Владимир Александрович представил себе физиономию шефа:
— На жуликов, видимо. Все они…
— Вот именно. А ребята в погонах? Они на кого? Чем эти ваши Ельцин с Грачевым лучше, чем наш хозяин? То же ворье и бандиты, только покрупнее да понахальнее!
— Хватит, Егорыч, перестань. Знаешь ведь, что не люблю я на эти темы.
— И еще неизвестно, кто России опаснее — Малышев с Кумариным или сволочь кремлевская. Понял?
— Все, хватит. Может, подеремся?
— Ладно. Закончили. Ого! Двенадцатый час.

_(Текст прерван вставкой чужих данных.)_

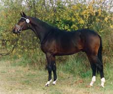Chronos by Mahagoni out of Hama by Matador. This approved Trakehner stallion was shown under the Dutch flag and was a rising star in Europe's dressage scene when an accident also ended his life untimely. He won International Grand Prix competitions under Anne van Olst and also left several registered brood mares in the Netherlands and Germany.

— Скоро уже. Смотри! Опять.
Напротив, через улицу, на фоне мягко подсвеченных витражей притормозила асфальтово-серая «девятка».
— Номер тот же?
— Ага!
Как и в предыдущие вечера, первым из автомобиля вышел гориллообразный охранник. Хмуро обвел взглядом прилегающее пространство. Вслед за ним хлопнул дверцей очкарик с потрепанной спортивной сумкой через плечо: сумка было довольно туго набита чем-то достаточно тяжелым. Не осматриваясь, очкарик быстрыми шагами преодолел расстояние, отделявшее его от входа, и скрылся за распахнутой кем-то невидимым дверью.
Хмурый остался снаружи, развернувшись спиной к матово-зеркальным створкам и неоновой вывеске на английском — «ГОЛДЕН ДАЙК».
— Ресторан «Золотая плотина»… Егорыч, я тебе говорил, что хозяина знаю?
— Говорил.
— Чайкин такой… Некто Сергей Юрьевич! Работал когда-то на него.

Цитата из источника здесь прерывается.